Retail media has rapidly evolved from a niche tactic into one of the most powerful  levers in modern paid media planning. In the UK, advertiser spend on retail media is likely to exceed £4.8 billion in 2026, with at least 64% of marketers already working with at least one provider.

This article will delve into the considerations for incorporating retailer data into your paid social campaigns, as retailers offer brands the ability to reach high-intent shoppers, backed by rich first-party data and clear sales attribution . For marketers balancing brand building with performance, retail media bridges the gap by driving measurable outcomes while deepening retailer partnerships.

Using retailer data in advertising campaigns opens up a plethora of valuable targeting segments. Most importantly for brands, there is confidence that campaigns are targeting those who actually do shop where their products are stocked. The use of loyalty cards is very widely adopted, for example with 80% of Tesco shoppers using a Tesco Clubcard. We are able to tap into the data gathered when these shoppers scan their loyalty cards, with a wealth of potential segments to build out.

Let’s delve into some of the segments you can build within an advertising campaign when using retailer data on Meta:

  • Lapsed Purchasers – thanks to data from the likes of Nectar and Dunnhumby, advertisers can target those who previously purchased their products to bring them back to the brand – this is a great targeting solution in particular when there is new product development to shout about.
  • Competitor Brand Purchasers – this method of targeting gives advertisers the potential to steal market share from key competitors – whether going for the category as a whole or cherry-picking specific priority brands.
  • In Market – the data gives you the potential to target those who would be shopping in the relevant aisle in store – for example for a baby food brand you would be able to show ads to those who had recently purchased nappies and other relevant baby products.

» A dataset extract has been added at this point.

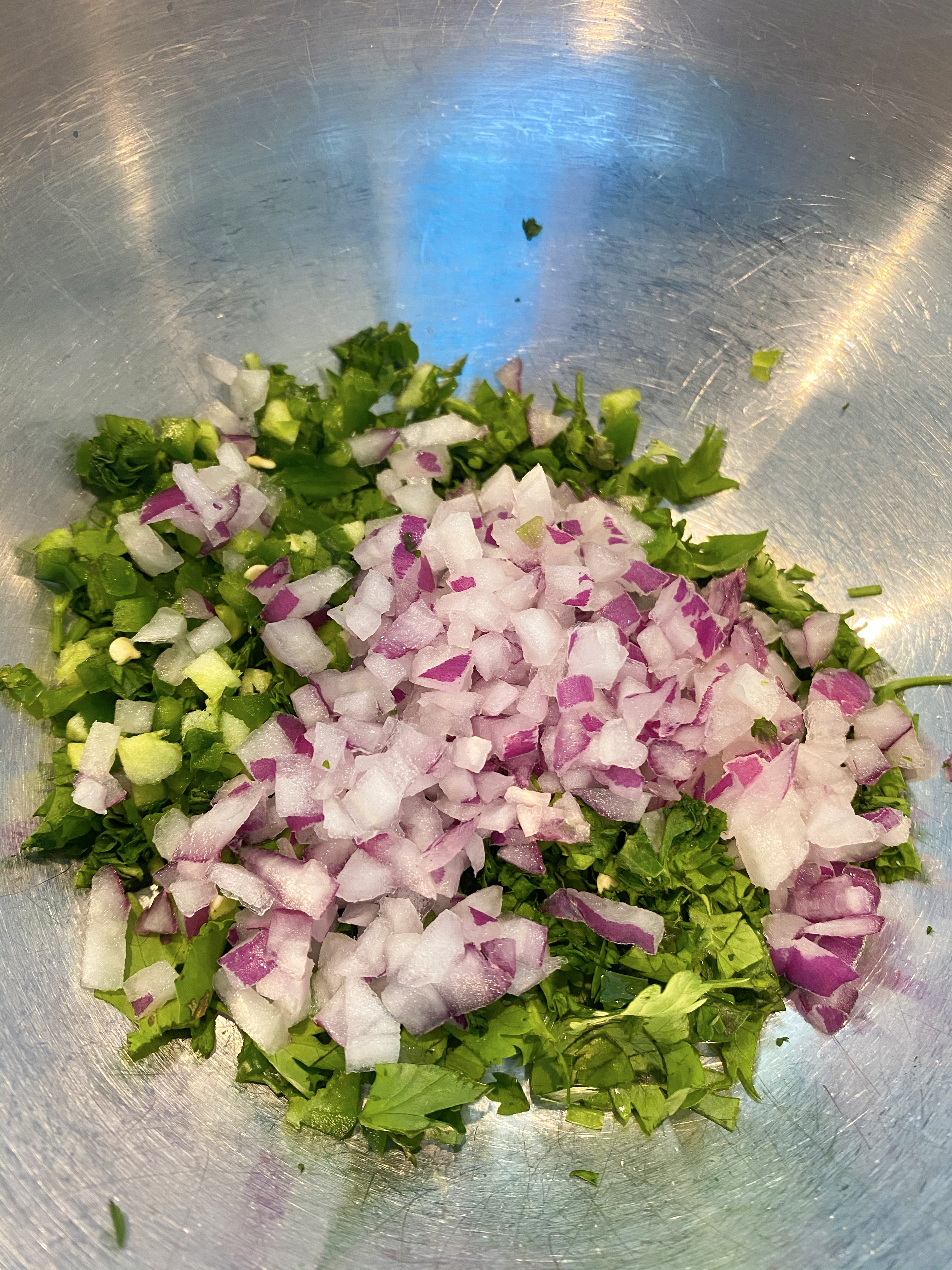- 1 small green bell pepper (or 1 long hot green pepper or poblano pepper)

Thanks to the ability to import loyalty card data segments to Meta , cookies are not needed to be used for tracking via this methodology. This is first-party data at its core, as retailers own this data, allowing for a wealth of targeting opportunities which are future proofed . This is more valuable than for example selecting a Tesco interest in the backend of a platform, as we are targeting based on real shopping habits as opposed to topic engagement.

Furthermore, closed-loop reporting shows the true return on investment. Tracking is essentially done by matching purchases back to those who were shown an ad, using the unique loyalty card number. This means that with digital media, you can not only track online transactions generated, but also those in store, giving complete data and allowing you to accurately measure the true impact of your campaigns.

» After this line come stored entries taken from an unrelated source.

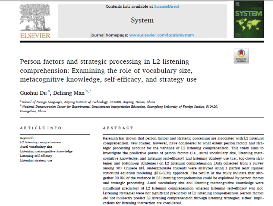 近日,公司太阳集团tyc151cc教师杜国辉(马来亚大学博士,河南科技公司硕士生导师)以第一作者身份在SSCI中科院一区语言学期刊《System》发表1篇学术论文,论文题目为《Person factors and strategic processing in L2 listening comprehension: Examining the role of vocabulary size, metacognitive knowledge, self-efficacy, and strategy use》。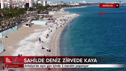 Antalya'da sahilde deniz zirvede kayak keyfi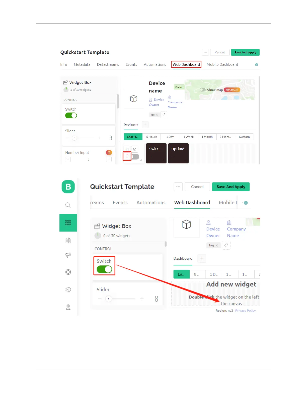 7. Drag and drop a switch widget from the Widget Box on the left.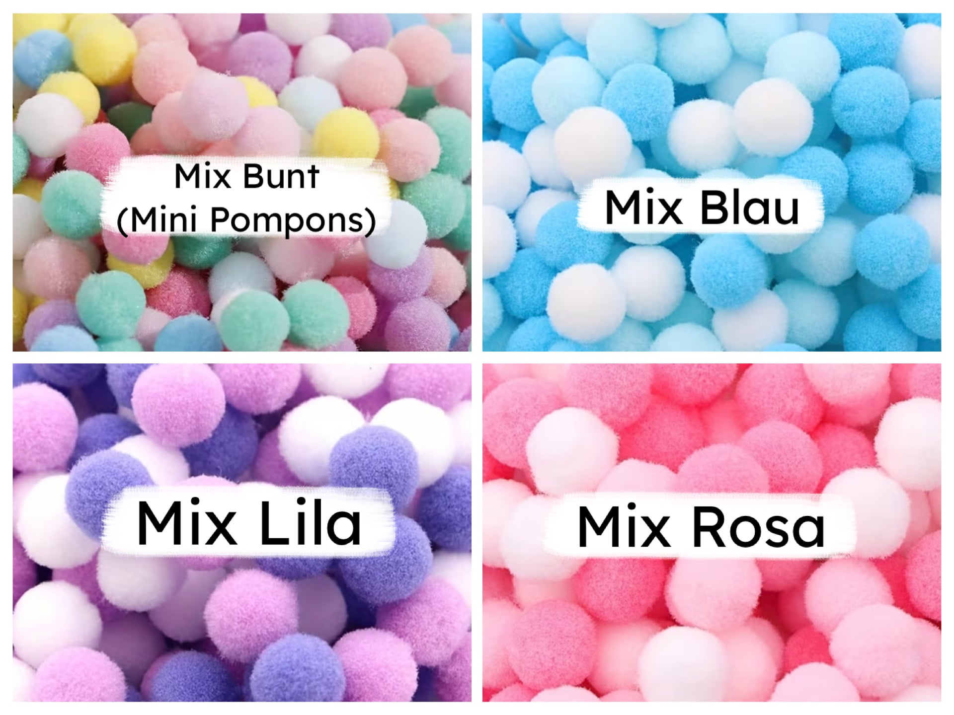 Jede Pompon-Schleife ist ein handgefertigtes Unikat. Die Befüllung kann in Anzahl und Anordnung der Farben leicht vom Produktbild abweichen – ich achte dabei stets auf eine harmonische Optik und eine schöne, volle Füllmenge.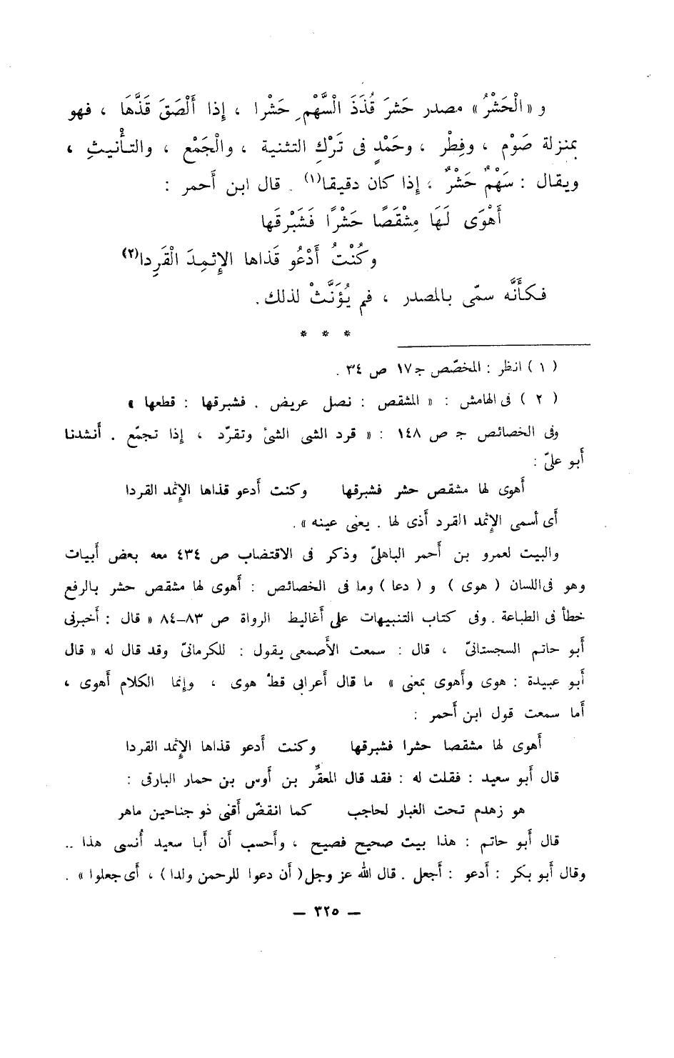 و"الحَشْرُ" مصدر حشر قُذَذَ السهم حشرا، إذا ألصق قذها، فهو بمنزلة صوم، وفطر، وحمد في ترك التثنية، والجمع، والتأنيث، ويقال: سهمٌ حشرٌ، إذا كان دقيقاً. قال ابن أحمر: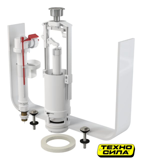 для бачка унитаза, латунь/пластик, нижний подвод воды, двухрежимный, белый/серый

The use of retailer data on paid social campaigns provides the perfect opportunity to capitalise further on an omnichannel strategy. Say you are utilising in-store digital out of home screens, adding paid social into the mix helps to build frequency to enhance the effectiveness of this strategy . An example of this would be a ready to drink brand advertising on screens inside Sainsbury’s in the run up to the peak Summer period, building consideration for their brand at this stage. In-category Nectar card holders could then be served a Meta ad to give them the nudge to make a purchase during the Summer sunshine. Also not to be underestimated, media investment with a retailer can strengthen trade partnerships, opening up more scope for exclusive opportunities.

The capabilities addressed above highlight the value of tapping into retailer data rather than relying solely on in-platform demographic and interest-based targeting. We have the data to back this up. This summer at The Kite Factory we ran a traditional Meta D2C campaign alongside a Tesco data D2C campaign for one of our FMCG clients. The uplift from the latter was undeniable, with a 3.5 higher ROI across the campaign period.

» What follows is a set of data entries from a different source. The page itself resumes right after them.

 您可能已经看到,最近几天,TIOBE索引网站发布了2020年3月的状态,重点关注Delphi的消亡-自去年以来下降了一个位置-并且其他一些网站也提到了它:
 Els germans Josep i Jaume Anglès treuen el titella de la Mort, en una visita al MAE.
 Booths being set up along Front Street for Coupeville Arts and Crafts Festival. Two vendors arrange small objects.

The capabilities addressed above highlight the value of tapping into retailer data rather than relying solely on in-platform demographic and interest-based targeting. At TKF, we have tried and tested solutions across retailer platforms, driving up to 3.5x higher ROI than standard Meta activations. Our experience in retailer buying can help elevate your D2C campaigns to the next level.

In summary, the integration of retailer data into paid social campaigns represents a powerful evolution in how brands can reach and convert shoppers. By leveraging loyalty card insights, advertisers gain access to future-proof targeting that directly  connects media spend to both online and in-store sales. Beyond the measurable ROI, these campaigns enhance omnichannel strategies and reinforce retailer relationships, creating a win-win for both brand and trade partners. As the retail media landscape continues to expand, brands that embrace these opportunities will be best placed to capture incremental growth and stay ahead in an increasingly competitive market. At The Kite Factory, we have the expertise to support on retailer strategies, with a wealth of experience under our belts on brands such as White Claw and Little Freddie.